Las inscripciones de uno de los grabados más reproducidos y versionados identifican a Ana van den S. Bartholomeus arrodillada ante el crucificado de bulto que reposa sobre un libro elocuentemente cerrado en un interior conventual austero, abierto al puerto y la ciudad cercada de Antwerpen. Ana no mira a la escultura sobre el libro sino al haz de rayos que baja del cielo a sus manos orantes y le arenga con una locución en pro de la victoria bélica, política y religiosa: Ora magis magis magis. De esta estampa, impresa hacia 1626, se conocen versiones que traducen al castellano las inscripciones: “La venerable madre Ana de S. Bartolomé. Ruega más más más” (fig. 7). Este Verdadero retrato combativo podía recortarse hasta dejar su medio cuerpo aislado en detrimento de la narración histórica, acaso conocida por otros medios, o recordada por escrito en la estampa, potenciando a cambio los estímulos a la devoción de un busto naturalista enmarcado. La beata, en los óvalos, mira al crucifijo que sigue sobre la mesa, junto o sobre el libro cerrado.43 Las copias del siglo XVIII añaden inscripciones que recuerdan a la heredera de Teresa, beata por sus milagros. Franz de Wilde hacia 1917 viró ligeramente el punto de vista de la composición y destinó la superficie de la mesa a ampliar la inscripción de una historia ya remota.

Figura 7. Anónimo. Estampa. Retrato de Ana de San Bartolomé. Bruselas, 1739 (copia del grabado anónimo La venerable madre Ana de S. Bartholome dedicado a Isabel Clara Eugenia por las descalzas de Amberes, 1626). Biblioteca Nacional de España, ER/440 (64). [Fotografía: BNE].

¿Es posible, Señor, que os quiere ansí vuestra esposa?

Se puede aplicar lo dicho comparando un manuscrito vinculado a Ana (Contemplación que transcribió Matías del Niño Jesús en 1944) con este Berdadero retrato en lienzo (fig. 8) que traspone el modelo de las estampas (Muñoz, 2018).
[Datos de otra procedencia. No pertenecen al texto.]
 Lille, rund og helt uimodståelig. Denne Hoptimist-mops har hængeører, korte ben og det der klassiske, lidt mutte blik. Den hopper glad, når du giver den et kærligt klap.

Sendos soportes –la escritura de las contemplaciones y el retrato escrito y pintado de la contempladora– comparten esa función sustitutiva de lo contemplado: la divinidad encarnada. La manuscritura comparte el valor de autenticidad de la reliquia y de la ‘verdadera imagen’, precedida de la verificación de Juan de la Madre de Dios (1648): “la conozco y confieso ser toda de la propia mano de Nuestra Venerable Madre Ana de San Bartolomé, la cual se debe estimar y venerar por grande reliquia” (Del Niño Jesús, 1944, pp. 79-87, passim).44

Figura 8. Anónimo. Óleo sobre lienzo. Berdadero Retrato de Ana de San Bartolomé. Siglo XII. Carmelitas Descalzos de Alba de Tormes. [Fotografía: Tomás C. Peña, Julián Barrera Miguel, Agustín Herrero (Casas, 2018, p. 315].
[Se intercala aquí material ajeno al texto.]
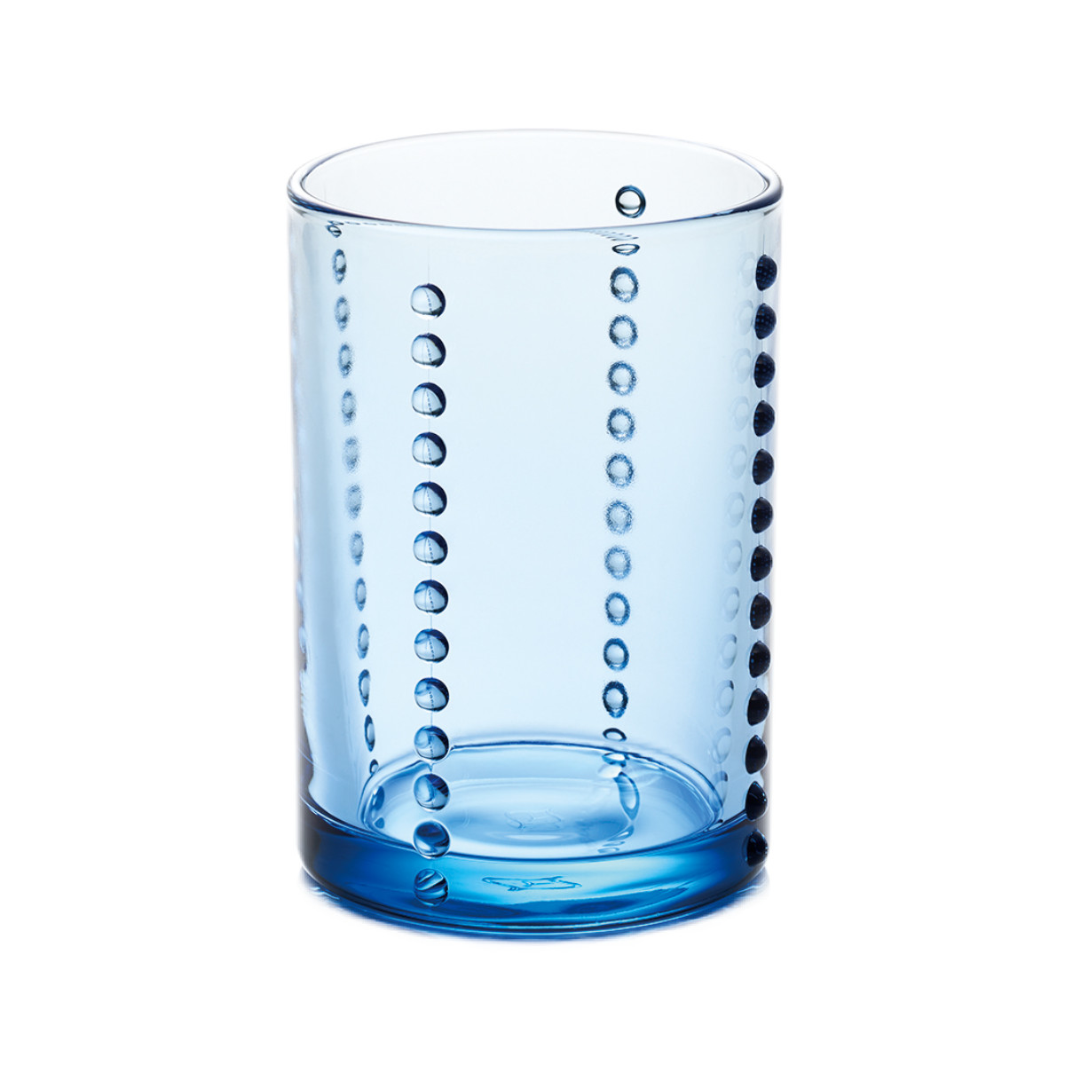 1966年に柳宗理がデザインしたグラスを復刻しました。一列に並んだつぶが、滑り止めの役割と共にデザインの特徴にもなっています。軽やかで主張しすぎないデザインで、 合わせるものを選ばずどんな器にもスッと馴染みます。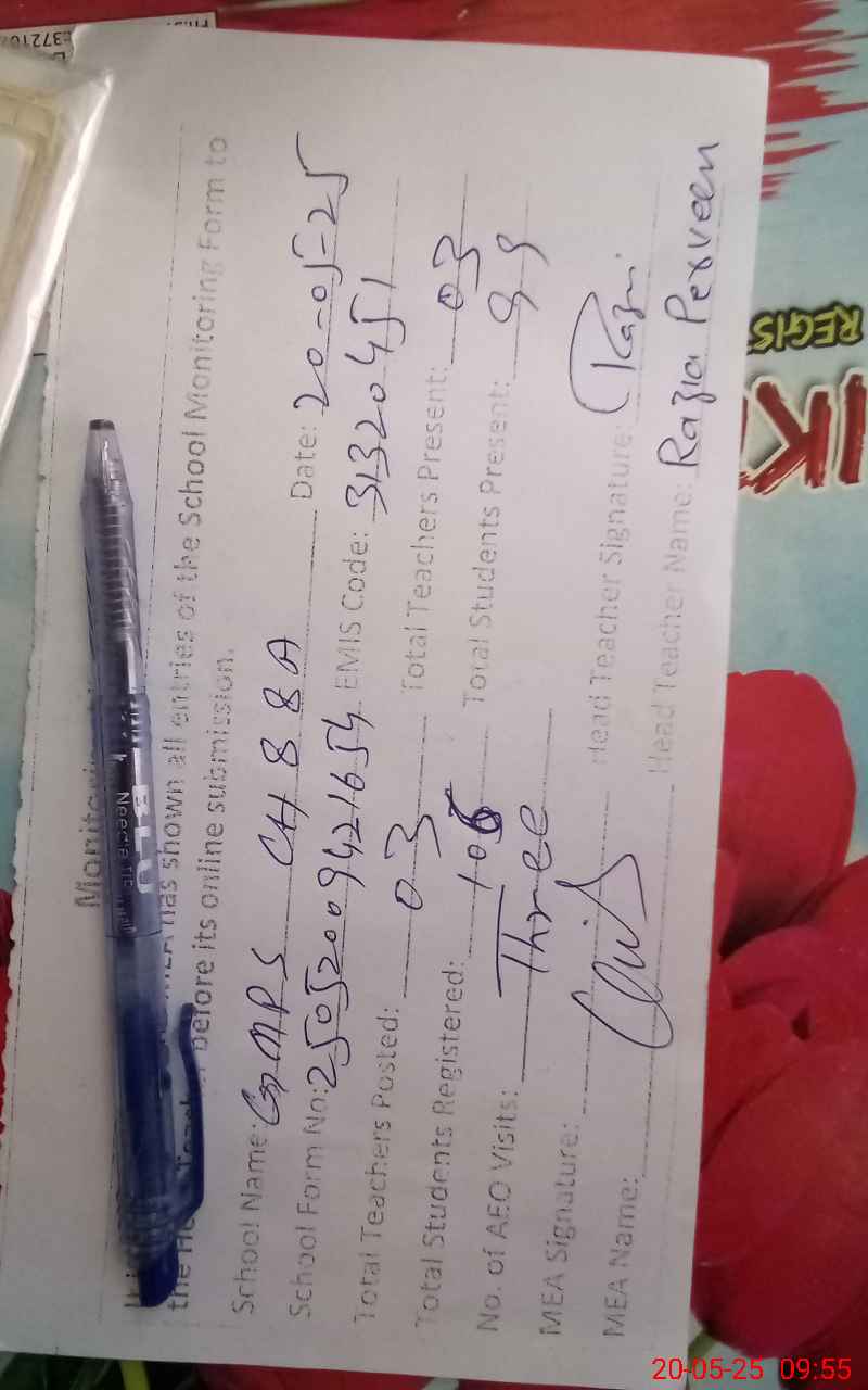| Name: RA**** PA**** Designation: (School Headmaster's/Headmistress's) PST Phone/Cell Number: 03**** |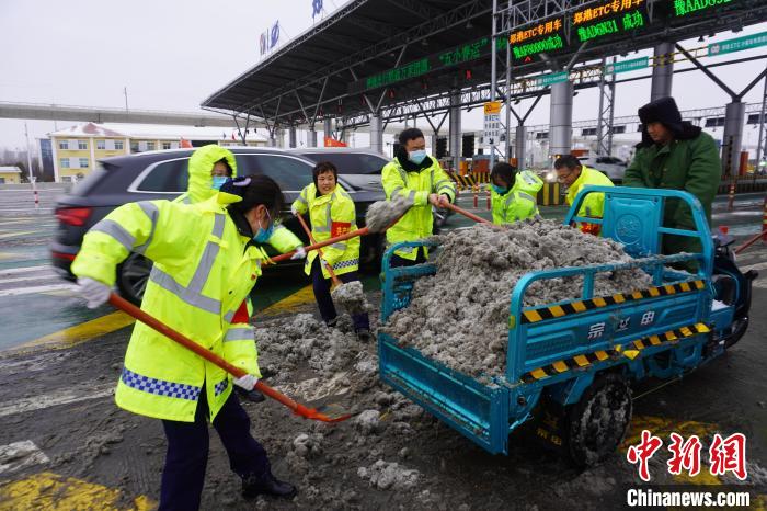 圖為2月1日,路政工作人員在鄭州機場高速鄭州南站除雪。中新網(wǎng)記者 韓章云 攝

En esta Contemplación del Crucificado se describe una imaginación que el lector percibe como corpórea; se recrea una imagen mental en la que la narradora se introduce con los ojos, intima y compadece –observó fray Matías– exigiendo lo mismo al lector, quien así puede imaginar la figura descrita como la escultura que aparece en el Berdadero retrato. Antes de referirse al Cuerpo, y al final, para cerciorar su poder de conducción a la ‘visión intelectual’, la narradora alude al silencio con el cual se apela a la vía negativa de la espiritualidad: “Que esta es gran virtud: el callar cuando las cosas nos dicen que son verdá”. También en la pintura del Berdadero retrato callan las figuras casi aisladas de Cristo y Ana, con los labios sellados. Interactúan quietas a través del sentido que cobra el gesto y la mirada de oración: medios por los que la monja, según las prácticas religiosas, obtiene de la imaginería la respuesta muda deseada: “sin hablar, hablabas, y sin hablar, obrabas los misterios a que habías venido”.45

Este Señor que os vino a redimir os dio licencia de que entrásedes en sus divinas carnes y hicieses agujeros, pa(ra) que fuesen nuestro refugio y morada y que nuestros padres pasados hiciesen en esas preciosas llagas nidos de refugio para sus niños, como las aves hacen de los árboles. Vos, Señor, sois el Árbol de la Vida, y como en el madero de la cruz se habían de celebrar las bodas y desposorio con vuestra iglesia.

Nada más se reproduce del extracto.